West Ham’s hopes of holding a mass screening of their Europa Conference League final at the London Stadium have been scuppered by Major League Baseball.

The Hammers are preparing for their first major European final in 47 years, but while David Moyes’s side travel to Prague to meet Fiorentina on June 7, their home ground will be being transformed ahead of a double-header between the Chicago Cubs and St Louis Cardinals.

West Ham have been exploring alternative options but it is understood that a large-scale event in London is now unlikely, though the club are planning to create a fan park for ticketless supporters to watch the match in Prague, with staff on the ground this week for reconnaissance.

West Ham have been given an allocation of just 4,890 tickets for the game at the 19,370-seater Eden Arena, and while several times that number are expected to travel to the Czech capital, tens of thousands more will watch the game in London.

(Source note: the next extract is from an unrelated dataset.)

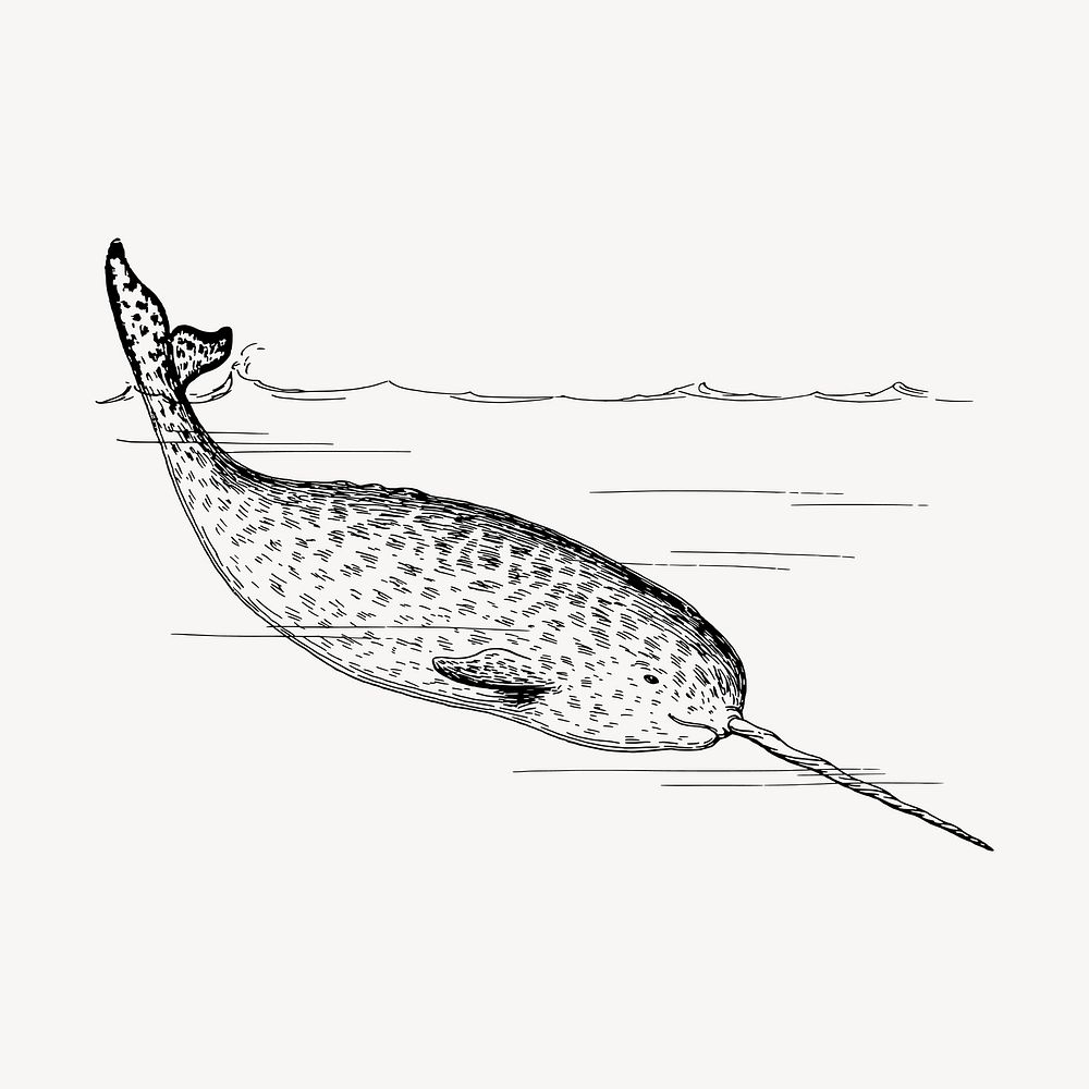 Narwhal clipart, vintage sea life illustration vector.

It is typical for English clubs to host screenings of such fixtures at their home grounds, with Manchester City expected to welcome fans to the Etihad Stadium for their Champions League final against Inter Milan next month, having done so for the defeat to Chelsea two years ago.

Major League Baseball is returning to the London Stadium for two games in June (Getty Images)

West Ham’s situation is complicated, however, by the fact that they do not own the ground, instead paying an annual rental fee to the London Legacy Development Corporation.

Following Sunday’s 3-1 victory over Leeds, the Irons’ final home game of the season, the stadium has already been handed over ahead of a concert by Grammy award-winning artist Burna Boy at the start of June, before MLB returns to London for the first time in four years.

Two of baseball’s biggest names, the New York Yankees and Boston Red Sox, met in the inaugural London game in 2019, but the following year’s planned visit was cancelled due to the Covid-19 pandemic and it was not until last May that a new partnership running through to 2026 was announced.

This year’s series will see the Cardinals and Cubs meet on back-to-back nights on June 24 and 25 but the scale of the transformation needed to turn the stadium into a ballpark means work will have to begin before the Conference League final.

The process, which in 2019 included laying 141,900 square feet of artificial turf and constructing temporary ‘clubhouses’ to accommodate baseball teams’ larger rosters, is expected to take around three weeks.